第13話 魔物SIDE 加齢臭
「そう言えばエルダさんは戦闘経験とかあるの?」
「それがお恥ずかしい話、昔から捕らわれていたので碌に戦った事が無いんです。大昔に『火トカゲ』なら倒した記憶がありますけど、それ位です」
「そうなんだ、それなら俺がしっかりと守るから安心して、これでもA級冒険者だからね」
「リヒトくん、ありがとう」
「任せて」
エルダさんは今迄捕らわれの身だったから当たり前だな。
旅の途中はしっかりと守ってあげないと。
◆◆◆
『嫌な臭いがしてくる』
しかも、その臭いと一緒に独特の気を感じる。
1つの気はオスの気……なかなかの強者だ。
だが、恐怖は感じない。
問題はその横に居るメスの気だ。
信じられん程大きな気だ。
齢900年を生きるこの白牙(はくが)が恐怖を感じる。
こんな経験は今迄生きてきた中でない。
恐怖で体が震え、まだ数キロは離れているのにこの場所から逃げたくなる。
一体何者が此処に来ると言うのだ。
『魔王ですら我との戦いは避ける』その我が体が震えておる。
正体はなんとなく解かる。
我と同じ位生きた存在、いや違うもっと長く生きた存在だ……そしてこの気は恐らく我より上位の存在の気がする。
『間違いない、この独特の臭いは加齢臭だ』
臭いと気からして、恐らく我より相当長く生きた存在だ。
『加齢臭』は決して蔑みではない。
上位種に限れば加齢臭がする存在は例外なく規格外の化け物しかいない。
数百年生きたバンパイアロード。
1000年を生きた炎帝と言われる火竜。
そこ迄の存在にならなければ上位種から『加齢臭』はしない。
今の魔王も前の魔王も、こんな臭いはしなかった。
戦いは避けたが、戦えば五分の戦いでどっちが勝つか解らない。
そんな臭いだった。
この辺りの平原を魔族が脅かさない代わりに、我らも魔族に手を出さないと決めた。
だが、この臭いは魔王より上の臭いだ。
『臭いが強くなってくる……嗅げば嗅ぐほど強い臭いがする。

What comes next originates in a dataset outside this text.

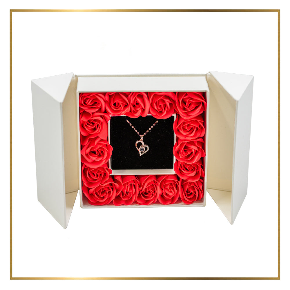 💍✨ The centerpiece of the "Rose and Necklace Box" is the heartfelt addition of an "I love you" necklace in 100 languages. This remarkable necklace serves as a profound expression of love, allowing you to convey your affection in a unique and sentimental way. As your loved one admires the stunning roses, they will be pleasantly surprised to discover the hidden treasure nestled within the arrangement – a necklace that speaks volumes of your devotion.

まるで死の香りでは無いか』
こんな存在を我は知らぬ。
関わってはならない。
「お父様、嫌なにおいがしますわ……ちょっと行って狩ってきますわ」
「姉ちゃん、俺も行くよ、この臭い魔族かな? 姉ちゃんは脳筋だから直ぐに戦おうとするからね。相手が魔族だったら、同盟組んでいるんだから狩っちゃ不味いでしょう?」
我が一族はフェンリル。
この二人は息子と娘だ。
息子や娘は強く育ち、魔族の四天王位なら戦える程には鍛えたつもりだ。
だが、駄目だ。
行かせたら確実に殺される。
「行ってはならぬ」
「何故ですか? お父様」
「我がフェンリル族が治める地に来たのですから、理由位は聞いても良いでしょう」
「我でも勝てぬよ! 態々危険な場所に自ら行く必要は無い」
「お父様、そんな馬鹿な! 獣の王と言われキングオブキングスと呼ばれるお父様が!」
「本当なのですか……」
「だからお前等は未熟なのだ。この加齢臭は強者の臭いだ。この臭いから察するに我よりも長く生きた存在の可能性が高い。我処か我ら三人に魔王と四天王が加勢しても勝負はどう転ぶか解らない……関わってはならぬ。 そしてこの臭いを覚えよ。この臭いを嗅いだらすぐに逃げるのだ」
「誇り高きフェンリルが逃げるのですか?」
「姉ちゃん……良く嗅いでみて。この臭いは魔王より臭い」
「ああっ、そう言われてみれば……嫌だ、体が震えてきましたわ」
「良いか? フェンリルは誇り高き種族だ! だが100に一つも勝てない争いをする必要は無い。相手は侵略して来たのではなく、ただ歩いているだけだ。わざわざ関わる必要が無い。良いな立ち去る迄森から出るなよ」
これで良い。
わざわざ、この様な存在に関わる必要は無い。